= Your goal =
Find the "Produktidee, um Millionen" line in the records below and repeat it and every later line exactly, up to the last; do not include pictures.

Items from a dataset
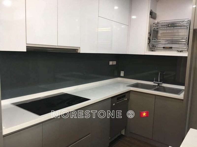 Phòng bếp có đá ốp bếp màu trắng vân mây mang lại ấn tượng tuyệt vời cho gia chủ.
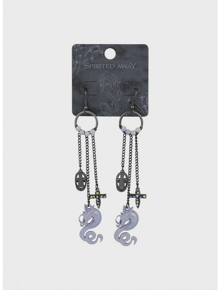 Step out of the Bathhouse in style with these drop earrings! From Spirited Away, these statement earrings are definitely Spirit Realm-approved. Features beaded detailing on an O-ring, with drop charms of No-Face, a lilac Haku in dragon form and a bejeweled Shikigami.
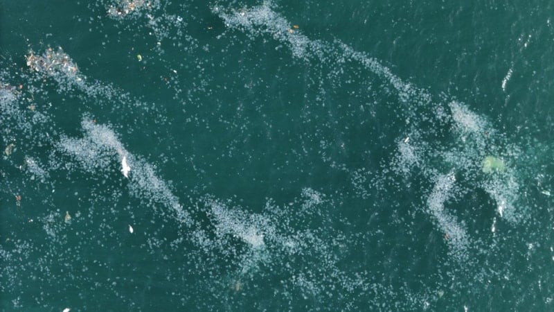 Görüntülerde, akıntı hattı boyunca kümelenen deniz analarının yer yer beyaz şeritler oluşturduğu görüldü.
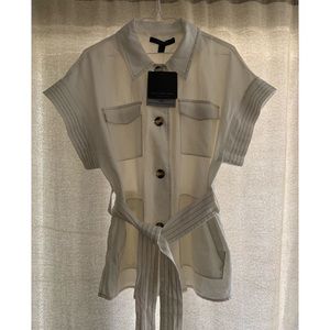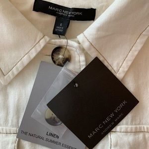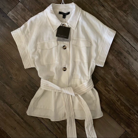 Short sleeve button up linen top with tie detail. New with tags. Marc New York size small.
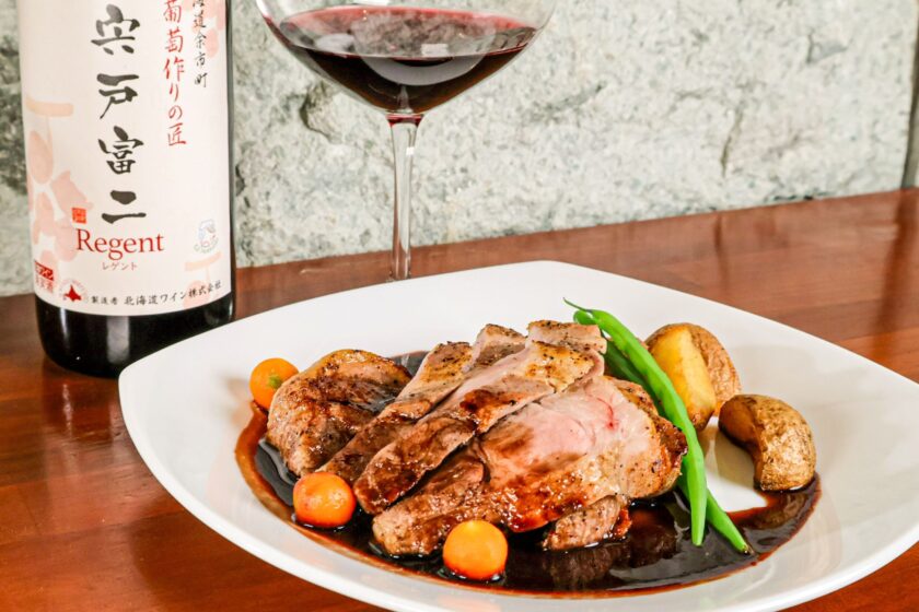 肉質が柔らかくジューシーな余市産の豚肉をソテーし、「宍戸富二 レゲント」を使ったスパイシーなソースで仕上げました。程よいタンニンと軽やかな酸、そして豊かな果実味が調和した宍戸富二 レゲントが、赤身のコクと脂のうま味を引き締めてくれます。
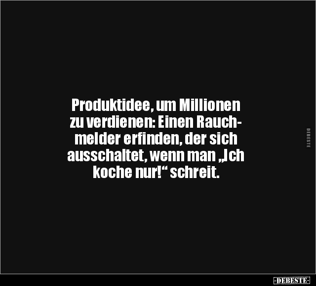 Produktidee, um Millionen zu verdienen: Einen Rauch- melder erfinden, der sich ausschaltet, wenn man „Ich koche nur!“ schreit.
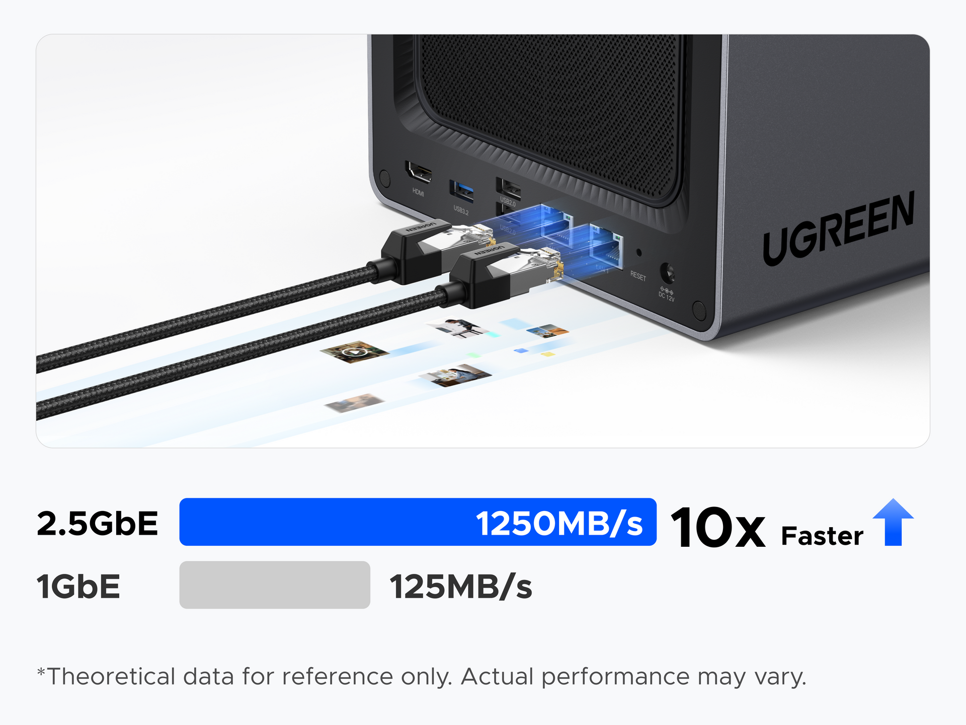- Ultra-Fast Transfers: Backup 1GB in <1s via 10GbE port (+ extra 2.5GbE).
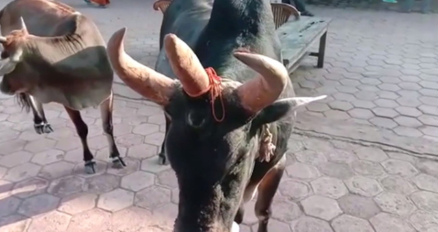 Hindistan’da görüntülenen 3 gözlü ve 3 boynuzlu boğa, sosyal medyada büyük ilgi gördü.
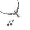 An early 19th century silver and paste set closed back drop necklace, comprising an openwork pearl shaped drop to the centre, approx 38mm, to a row of similar fashioned paste set links, with alternate…
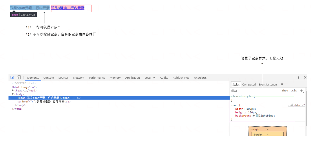 (1)相邻行内元素在一行上,一行可以显示多个。
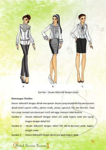 detail-detail seperti ruffles, jahitan tindis, pleats, opnaisel, frill dan lain-lain. Pada
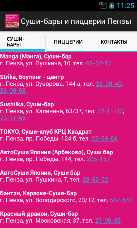 Приложение "Суши-бары и пиццерии в Пензе" это справка по суши-барам и пиццериям для Вашего мобильного устройства! Вам всегда будет доступна основная информация по Cуши-барам и Пиццериям в Пензе.
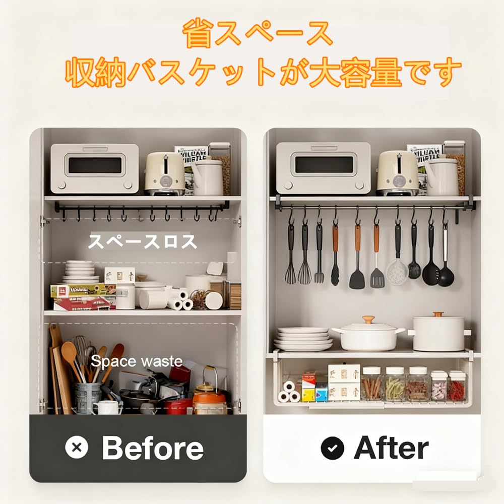 NATTY NING【吊り下げ収納バスケット 折りたたみ可能 積み重ね可能】 穴あけ不要 キッチン収納ラック 省スペース 落下防止設計 戸棚/キッチン収納用 (ブラック, 1個セット)
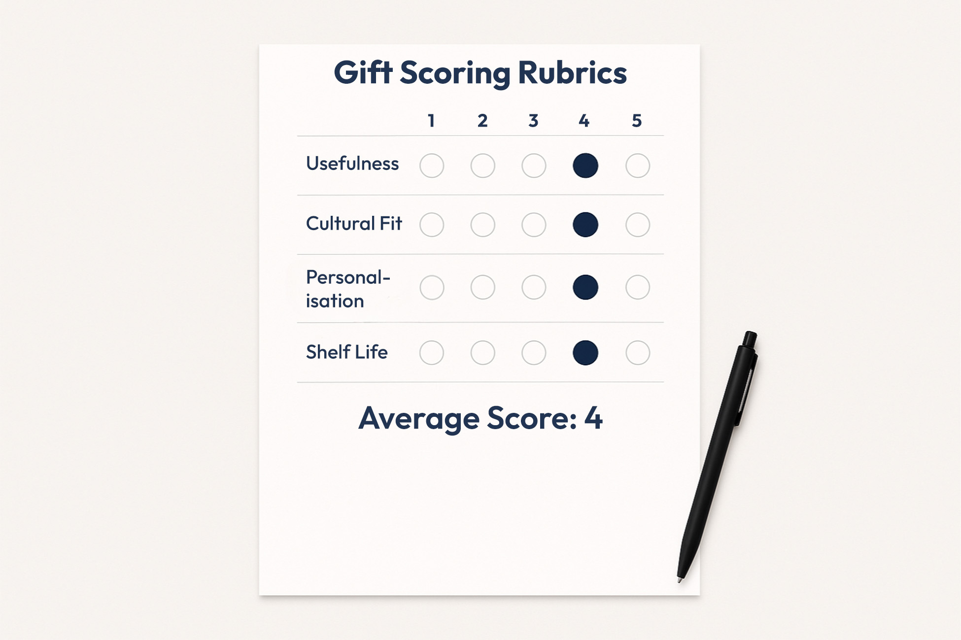 “Memorable” is not a synonym for expensive. For a Singapore D&D, it blends four things: usefulness, cultural fit, tasteful personalisation, and shelf life. Keep it simple with a one-page scoring rubric. Rate each item from 1 to 5 on the four factors, then average the scores. You can do this in five minutes with two colleagues and a short list of options.

= Written response =
 Produktidee, um Millionen zu verdienen: Einen Rauch- melder erfinden, der sich ausschaltet, wenn man „Ich koche nur!“ schreit.
- Ultra-Fast Transfers: Backup 1GB in <1s via 10GbE port (+ extra 2.5GbE).
 Hindistan’da görüntülenen 3 gözlü ve 3 boynuzlu boğa, sosyal medyada büyük ilgi gördü.
 An early 19th century silver and paste set closed back drop necklace, comprising an openwork pearl shaped drop to the centre, approx 38mm, to a row of similar fashioned paste set links, with alternate…
 (1)相邻行内元素在一行上,一行可以显示多个。
 detail-detail seperti ruffles, jahitan tindis, pleats, opnaisel, frill dan lain-lain. Pada
 Приложение "Суши-бары и пиццерии в Пензе" это справка по суши-барам и пиццериям для Вашего мобильного устройства! Вам всегда будет доступна основная информация по Cуши-барам и Пиццериям в Пензе.
 NATTY NING【吊り下げ収納バスケット 折りたたみ可能 積み重ね可能】 穴あけ不要 キッチン収納ラック 省スペース 落下防止設計 戸棚/キッチン収納用 (ブラック, 1個セット)
 “Memorable” is not a synonym for expensive. For a Singapore D&D, it blends four things: usefulness, cultural fit, tasteful personalisation, and shelf life. Keep it simple with a one-page scoring rubric. Rate each item from 1 to 5 on the four factors, then average the scores. You can do this in five minutes with two colleagues and a short list of options.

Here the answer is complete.